At last, some developments in Snowball!

I've put in a switch, -u or -utf8, to generate stemmers that handle UTF-8
encoded Unicode characters. Full documentation will follow, although from
the outside little is different. The ISO-Latin-I sources of the Roman
alphabet stemmers are the same; the Russian stemmer has a stem-Unicode.sbl
variant.

Some of the stemmers needed small adjustments. If p marks a position in the
string,

... setmark p ...

the old test

    $p > 3

to see if p is beyond the first three characters no longer applies, since
the number in p is a byte offset from the start of the string, not a
character offset.
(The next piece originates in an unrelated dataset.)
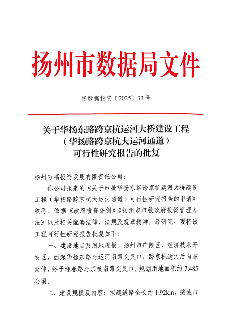 3月28日,華揚東路跨京杭運河大橋建設工程順利取得可行性研究報告批復,標志著這項城建重點市政項目前期工作全面啟動。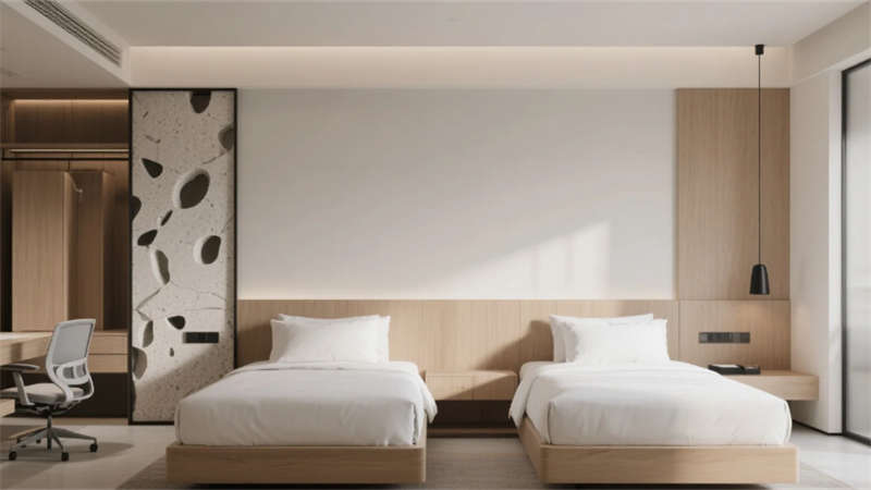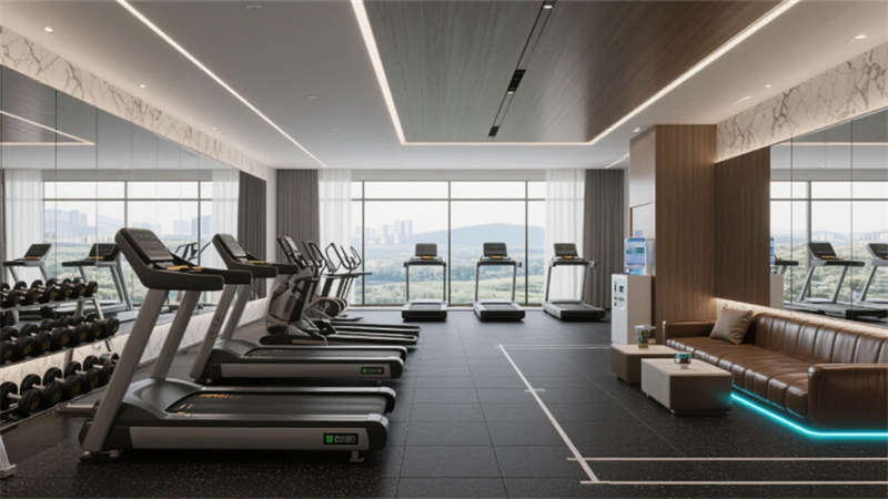 客房以中性色調(diào)為基底,亞麻、柚木與肌理墻面營造松弛感,智能化系統(tǒng)隱于無形,從電動紗簾到無線充電桌,細節(jié)中滲透科技溫度。雙床房的可移動屏風與定制家具,兼顧私密與靈活;衛(wèi)浴空間以霧面玻璃與水磨石打造朦朧質(zhì)感,啞光五金件點綴現(xiàn)代精致。餐廳以共享長桌與綠植墻激活社交氛圍,水磨石地面鑲嵌的黃銅線條如溪流蜿蜒,呼應(yīng)徽派建筑中的流水意象。健身房鏡面與橡膠地面反射城市燈火,休憩區(qū)的皮質(zhì)軟榻與漸變燈光,為運動后提供片刻寧靜。

Instead you need something like

... hop 3 setmark x ...
... setmark p ...

and later

    $p > x

So marks should be tested relative to other marks, and not against absolute
numeric values. 'size' still measures the byte size of a string, not the
character size.

The same sources can be used to generate UTF-8 and ISO-Latin-1 encodings so
long as code values are defined in hex, e.g.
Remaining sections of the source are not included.